LASIGE, Faculdade de Ciências, Universidade de Lisboa, Lisboa, Portugal.
J Biomed Semantics. 2023 Aug 14;14(1):11. doi: 10.1186/s13326-023-00291-x.
Predicting gene-disease associations typically requires exploring diverse sources of information as well as sophisticated computational approaches. Knowledge graph embeddings can help tackle these challenges by creating representations of genes and diseases based on the scientific knowledge described in ontologies, which can then be explored by machine learning algorithms. However, state-of-the-art knowledge graph embeddings are produced over a single ontology or multiple but disconnected ones, ignoring the impact that considering multiple interconnected domains can have on complex tasks such as gene-disease association prediction.
We propose a novel approach to predict gene-disease associations using rich semantic representations based on knowledge graph embeddings over multiple ontologies linked by logical definitions and compound ontology mappings. The experiments showed that considering richer knowledge graphs significantly improves gene-disease prediction and that different knowledge graph embeddings methods benefit more from distinct types of semantic richness.
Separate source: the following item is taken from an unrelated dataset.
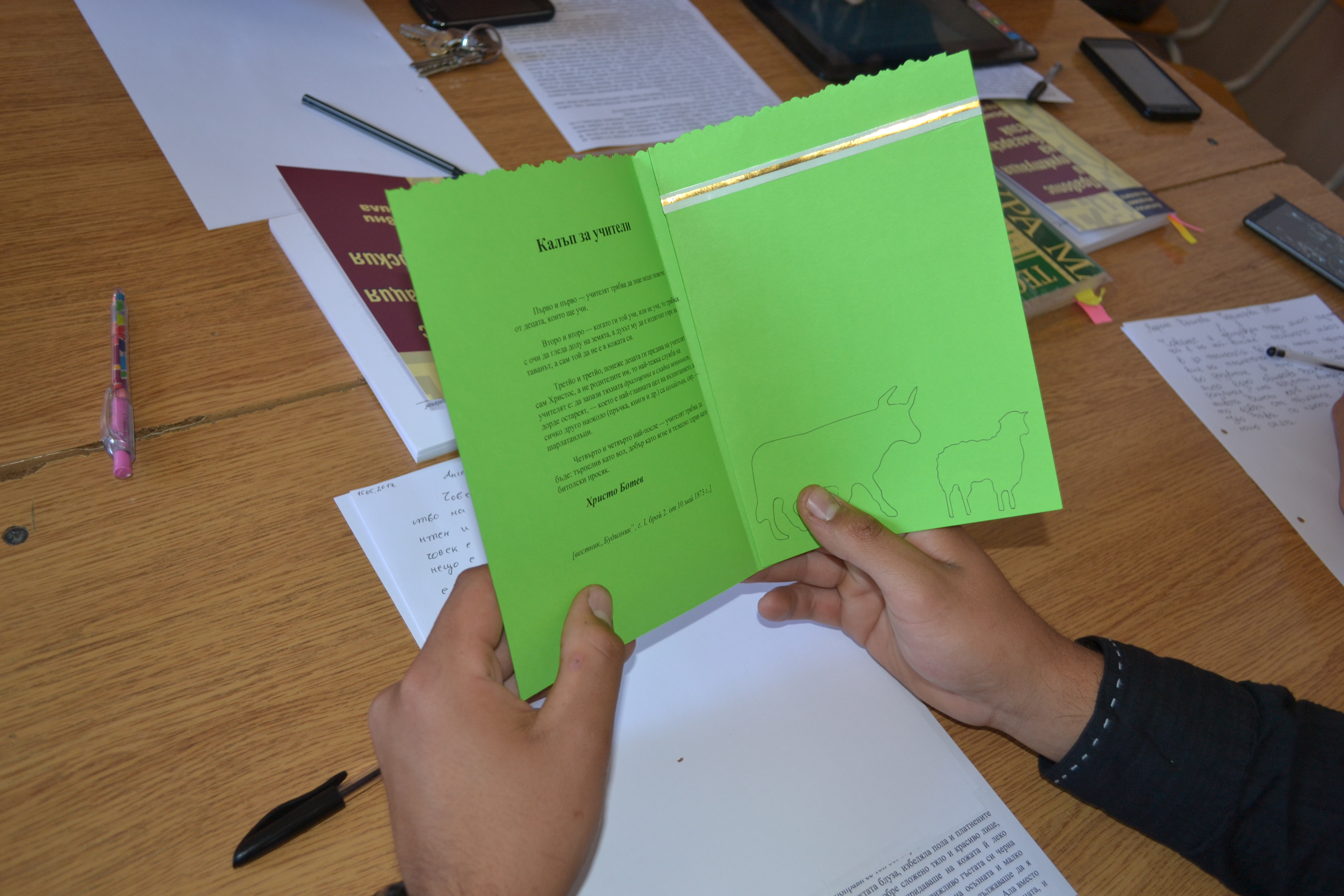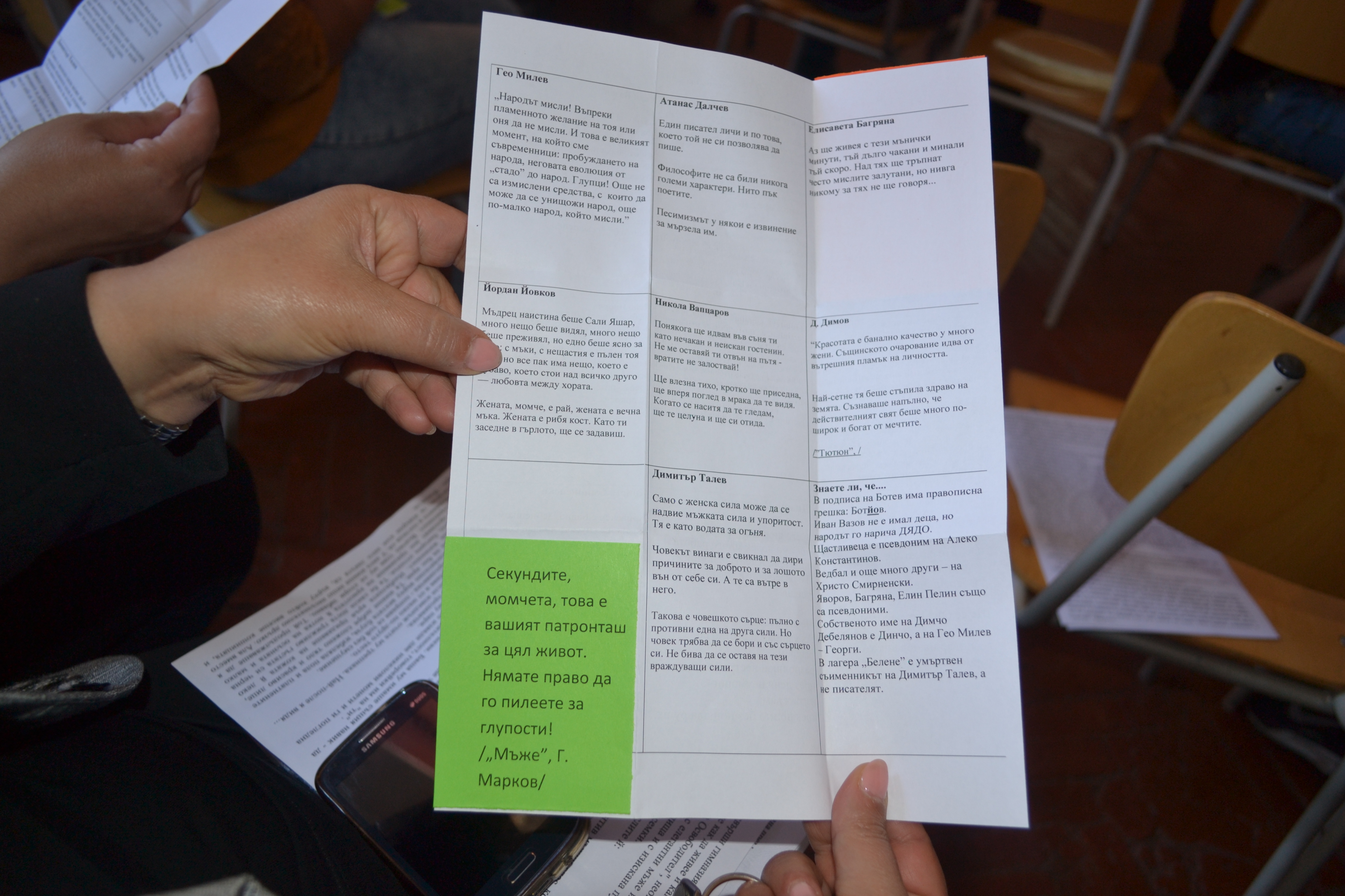 Учениците от групата с обучителни затруднения „Език и бъдеще” по проекта „Твоят час” осъзнато оформиха посланието си до следващите поколения ученици в ПГТ: „Литературата и матурата са важни за личното бъдеще на всеки ученик. Но за България е най- важно да има сърца, изпълнени с почит към националните ценности и слава.”

This work demonstrated the potential for knowledge graph embeddings across multiple and interconnected biomedical ontologies to support gene-disease prediction. It also paved the way for considering other ontologies or tackling other tasks where multiple perspectives over the data can be beneficial. All software and data are freely available.
预测基因-疾病关联通常需要探索多种信息源和复杂的计算方法。知识图嵌入可以通过基于本体描述的科学知识为基因和疾病创建表示,然后通过机器学习算法进行探索,从而帮助解决这些挑战。然而,最先进的知识图嵌入是在单个本体或多个但不连接的本体上生成的,忽略了考虑多个互联领域对复杂任务(如基因-疾病关联预测)的影响。
我们提出了一种使用基于多个本体的知识图嵌入的丰富语义表示来预测基因-疾病关联的新方法,这些本体通过逻辑定义和复合本体映射链接在一起。实验表明,考虑更丰富的知识图谱可以显著提高基因-疾病预测的准确性,并且不同的知识图嵌入方法从不同类型的语义丰富度中获益更多。
这项工作证明了在多个互联的生物医学本体上使用知识图嵌入来支持基因-疾病预测的潜力。它还为考虑其他本体或处理其他可以从数据的多个角度受益的任务铺平了道路。所有软件和数据均可免费获得。